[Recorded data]

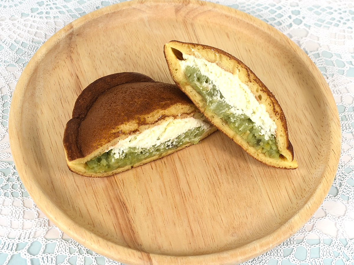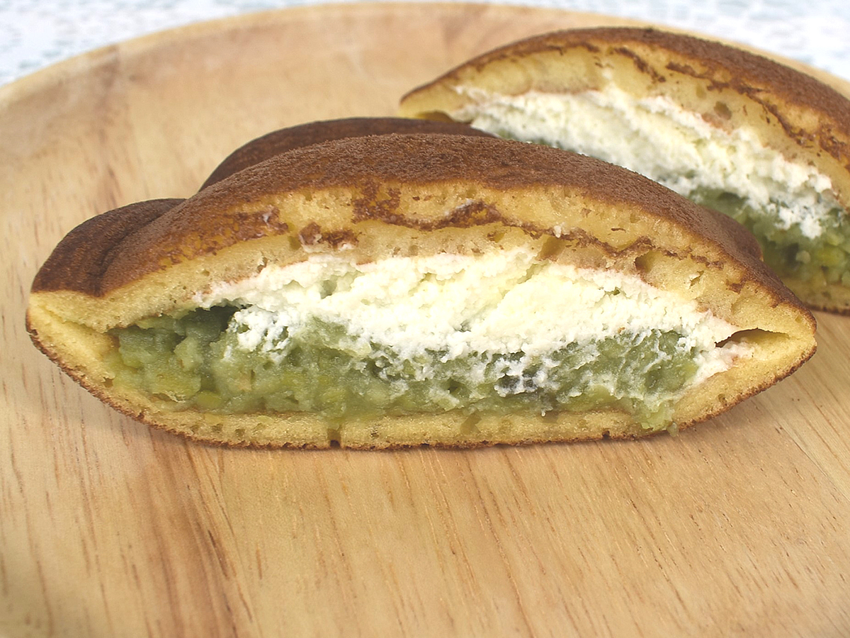 一見至ってシンプルなどらやきかと思いきや、切り分けた断面からはきれいな緑色をしたずんだ餡とたっぷり入ったホイップが登場しました。さっそく一口頬張ってみたところ、枝豆特有の風味とまろやかなホイップの甘みが口の中で爆発! コク深い甘みと優しい塩味がハーモニーを奏でます。噛むたびに鼻に抜ける爽やかな枝豆の香りに加え、豆感が残るつぶつぶした歯ごたえもたまりません。さらにミルク味が強いホイップと合わされば、味の相乗効果で口の中が幸せいっぱいに…。
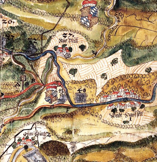 Weg zwischen Waidhaus (1 Weidt-Haussen, rechts) und Ödkührieth/Kühmühle
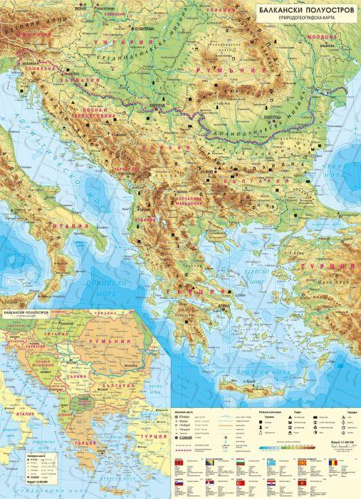 | Карта на Балканския полуостров - Природогеографска |
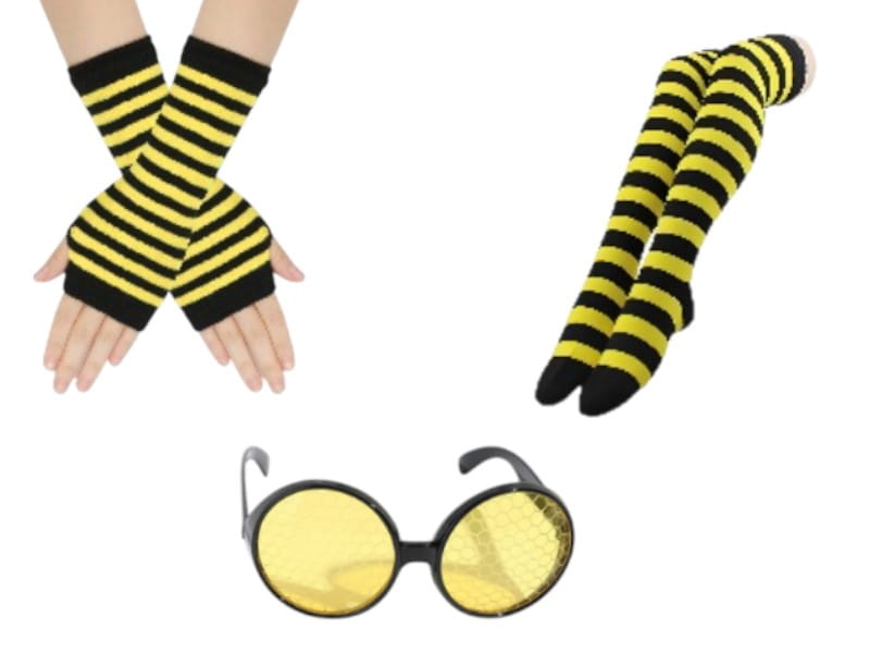 rękawiczki i podkolanówki w żółto-czarne paski,
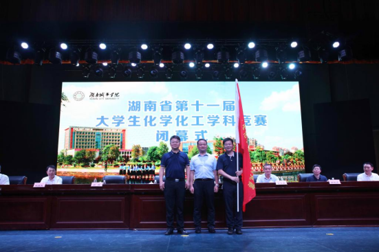 董事长汤放华代表承办单位向下一届承办单位湖南工程公司转授竞赛旗。
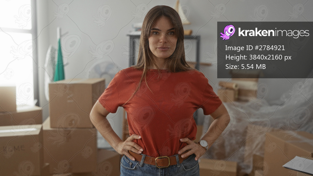 Hispanic woman stands inside her new home living room surrounded by moving boxes, exuding confidence in a casual red shirt and jeans.
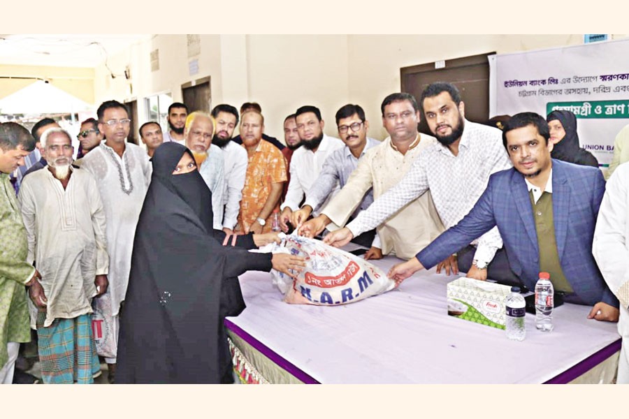 As a part of Corporate Social Responsibility (CSR), Union Bank Limited distributed household goods and relief materials among the poor and homeless people affected by the devastating flood in Chattogram division. Mayor of Dohazari Municipality Mohammad Lokman Hakim distributed the items through the Dohazari Branch of the bank as the chief guest. The Head of IRMD of Head Office SVP Riyadh Mohammad Chowdhury and the Head of Laldighi Branch SVP Md. Arfan Ali were present as special guests.

> [Task item]
Return exactly the lines above, from the one with "rękawiczki i podkolanówki" up to and including the one with "Hispanic woman stands", and include no pictures.

> [Answer for the task]
 rękawiczki i podkolanówki w żółto-czarne paski,
 董事长汤放华代表承办单位向下一届承办单位湖南工程公司转授竞赛旗。
 Hispanic woman stands inside her new home living room surrounded by moving boxes, exuding confidence in a casual red shirt and jeans.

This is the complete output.